Stanley L. Engerman is John Munro Professor of Economics emeritus at the University of Rochester. He received his Ph.D. in economics in 1962 from Johns Hopkins University after completing a BA and an MBA at NYU. His first professional position was at Yale. He moved to the University of Rochester in 1963. Engerman is known for his quantitative historical work with Robert Fogel. His first major book, co-authored with Fogel in 1974, was Time on the Cross: The Economics of American Negro Slavery, which was awarded the Bancroft Prize in American History. Engerman has also published over 100 articles and authored, co-authored or edited 21 book-length studies.

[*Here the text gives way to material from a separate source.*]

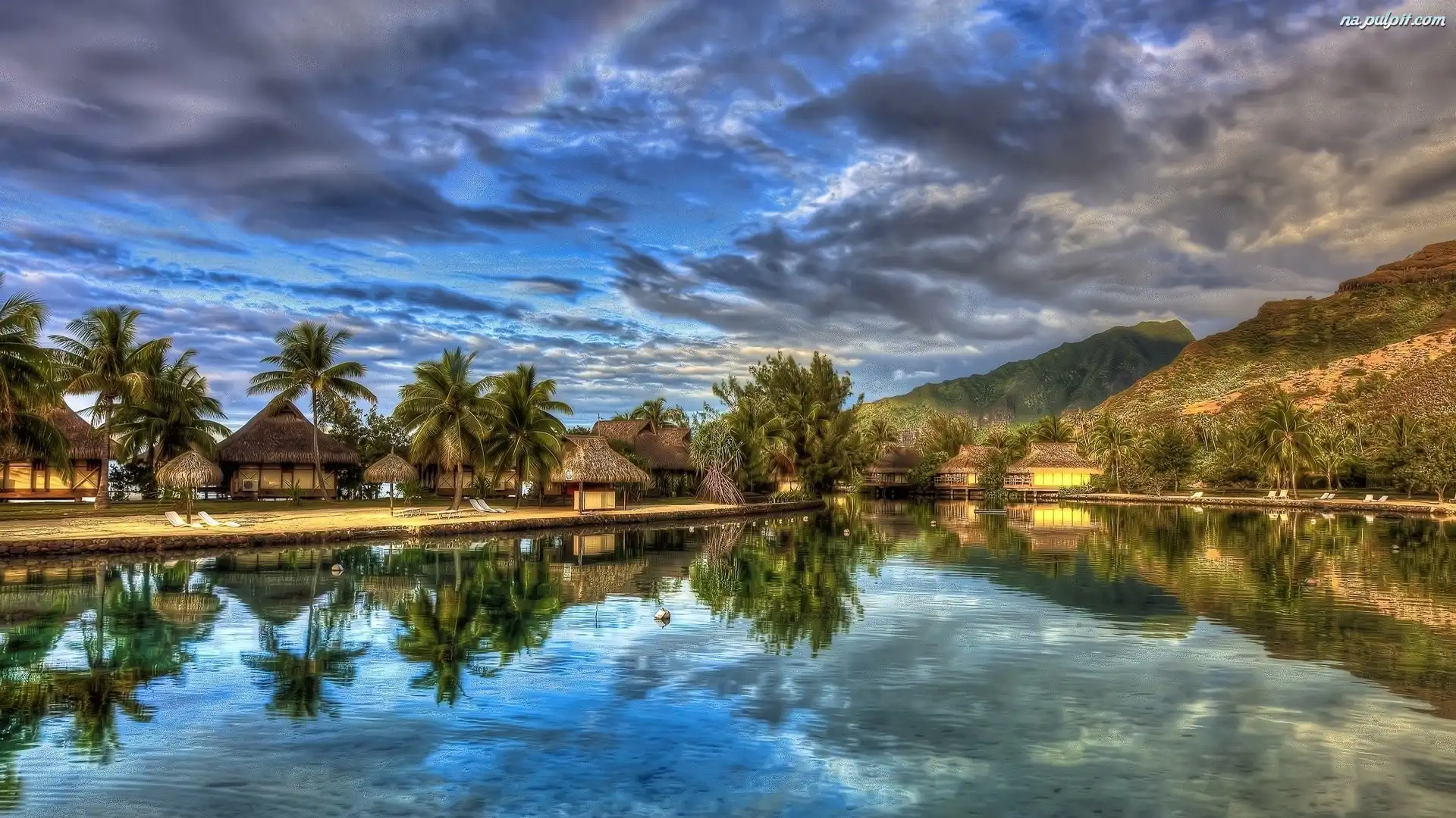 Woda, Palmy, Góry, Chmury, Domki Na Pulpit

He and Fogel were graduate students together under Simon Kuznets and later colleagues at Rochester. The genesis for Time on the Cross was an article for a collection of papers on economic history they edited for their book The Reinterpretation of American Economic History. While writing the essay for that book they determined that a more extensive project was needed to try to answer some of the questions about slavery that were still unsettled. It seemed like a good project, given the centrality of slavery to American history and the fact that so many important questions on the topic were posed in economic terms. The combination of economic theory and quantitative methods, combined with the importance of the questions made the study of slavery so central to discussions about the New Economic History, as Cliometrics was known as in the 1950s.

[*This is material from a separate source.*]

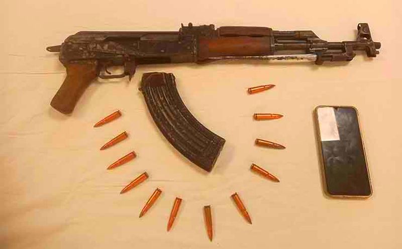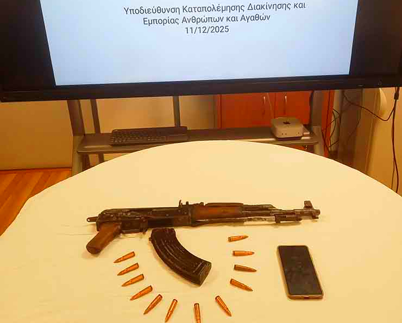Κατά τον έλεγχο που πραγματοποιήθηκε σε τροχήλατη βαλίτσα που έφερε, βρέθηκε και κατασχέθηκε πολεμικό τυφέκιο καλάσνικοφ, καθώς και μια γεμιστήρα με -12- φυσίγγια, τα οποία έχουν αποσταλεί στη Διεύθυνση Εγκληματολογικών Ερευνών για εργαστηριακή εξέταση.

His service to the profession has been long and varied. At various times, he sat on the editorial boards of The Business History Review, the Journal of Economic History, Economic Inquiry, the Journal of American History, the Journal of Family History, Explorations in Economic History, Historical Methods, Slavery and Abolition, the Cambridge History and Geography of Disease, the Dictionary of American Economic History, the Oxford Encyclopedia of Economic History, and Southern Studies. He has served the Economic History Association as a Trustee, program committee chair, Vice President, and President. He was also Vice President and ultimately President of the Social Science History Association.

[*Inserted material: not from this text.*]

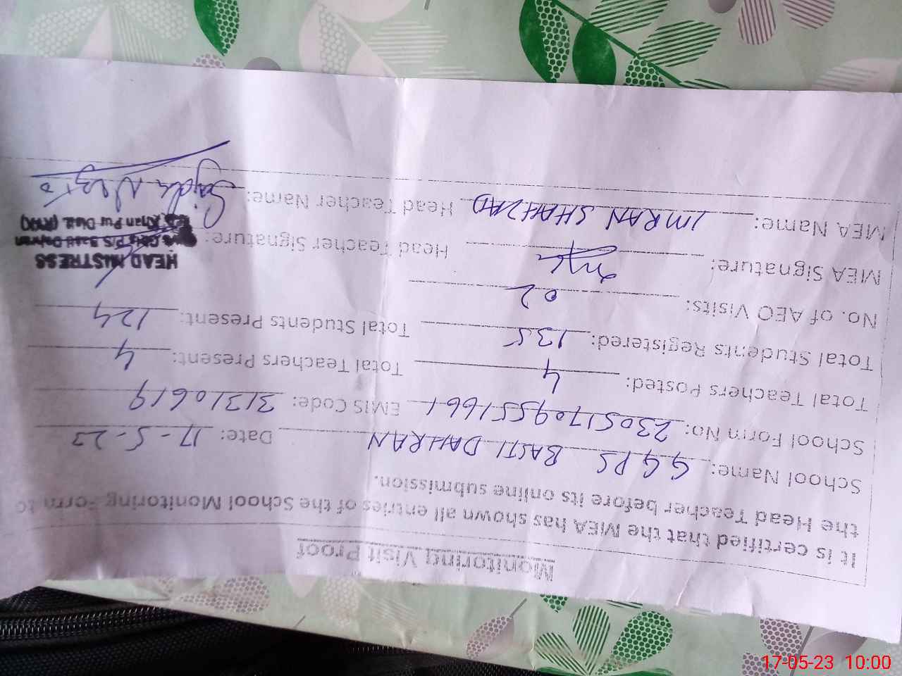 | Certified that this School was Inspected by the Undersigned MEA/DMO Today and the Information Stated Above is as Per Record. | |||||

He has held visiting positions at Oxford University, Australian National University, Harvard, and the University of Minnesota. He was Pitt Professor of American History and Institutions at Cambridge University, and holds Fellowships in the American Academy of Arts and Sciences, the Cliometric Society, the Economic History Association, and is a Distinguished Fellow of the American Economic Association. He has also received a Guggenheim Fellowship and held a position as a Fellow in the Center for Advanced Study in the Behavioral Sciences.